TASK PROMPT: Write out the data word for word and drop any picture you find.

Items from a data source
──────────────────────────────

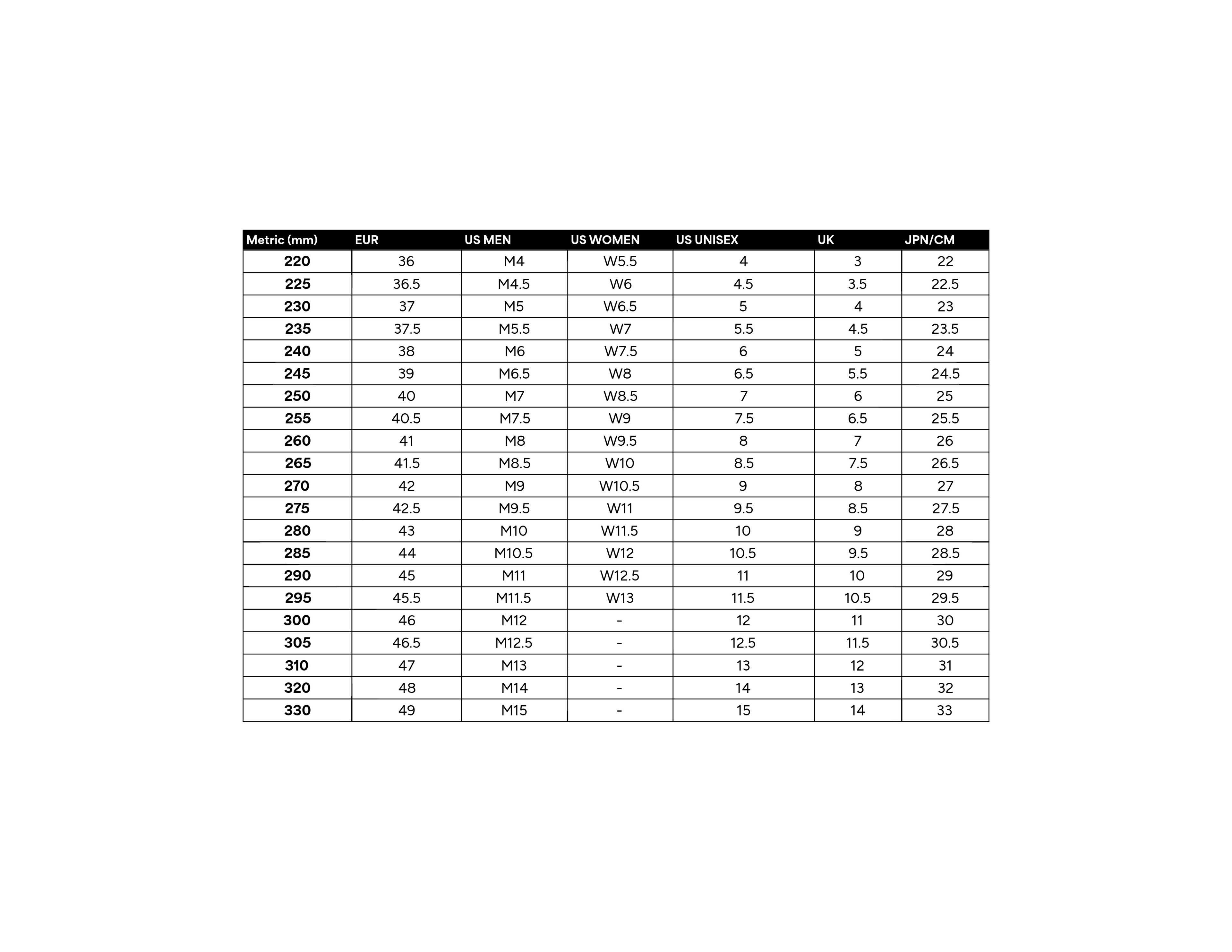 Wondering which size matches your foot length in millimeters? Used to a specific sizing system? Use the conversion table below to find your size or see how our sizes compare to international standards.
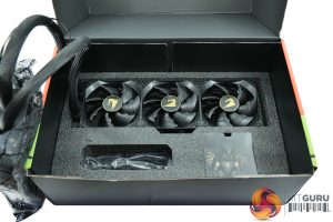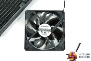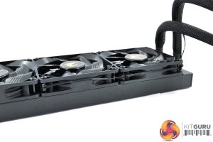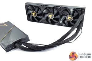 The only other thing about the fans is that, by default, they are mounted to the underside, or tube-side, of the radiator, suggest that Gigabyte intends for the radiator to be installed in the roof of your case. Of course, you can unscrew the fans and flip them around like I did, so they’re intaking from the front of the chassis.
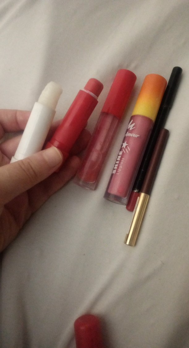 Pastel kırmızı tonlarında ruj, lip balm, gloss ve eyeliner içeren makyaj seti. Yumuşak ve canlı renk seçenekleri sunar.
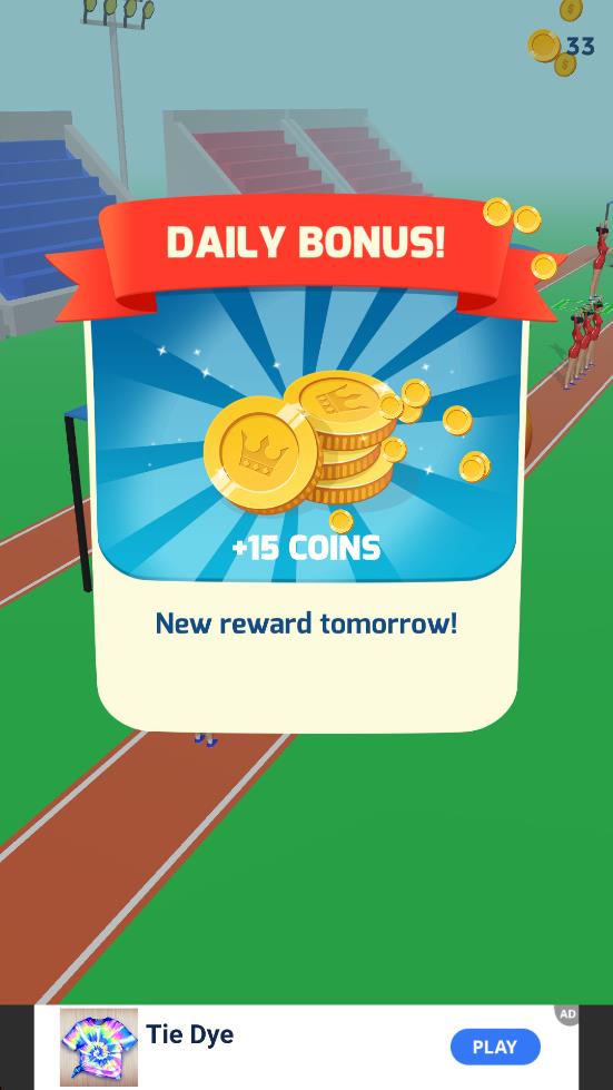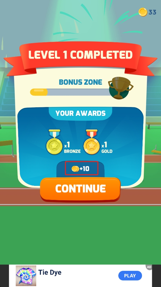 3、到达终点后可获得金币奖牌等奖励,这里我们点击橙色CONTINUE按钮,即可进入下一轮赛事。
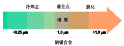 更高溫度和與被焊接部件更長時(shí)間的接觸也可能增加金屬化合物的結(jié)合層。從而不建議延長接觸時(shí)間和重復(fù)返工。上圖表顯示了隨著結(jié)合層的厚度增加,脆化現(xiàn)象發(fā)生的機(jī)率就更大。[page]

──────────────────────────────

TASK SOLUTION:
 Wondering which size matches your foot length in millimeters? Used to a specific sizing system? Use the conversion table below to find your size or see how our sizes compare to international standards.
 The only other thing about the fans is that, by default, they are mounted to the underside, or tube-side, of the radiator, suggest that Gigabyte intends for the radiator to be installed in the roof of your case. Of course, you can unscrew the fans and flip them around like I did, so they’re intaking from the front of the chassis.
 Pastel kırmızı tonlarında ruj, lip balm, gloss ve eyeliner içeren makyaj seti. Yumuşak ve canlı renk seçenekleri sunar.
 3、到达终点后可获得金币奖牌等奖励,这里我们点击橙色CONTINUE按钮,即可进入下一轮赛事。
 更高溫度和與被焊接部件更長時(shí)間的接觸也可能增加金屬化合物的結(jié)合層。從而不建議延長接觸時(shí)間和重復(fù)返工。上圖表顯示了隨著結(jié)合層的厚度增加,脆化現(xiàn)象發(fā)生的機(jī)率就更大。[page]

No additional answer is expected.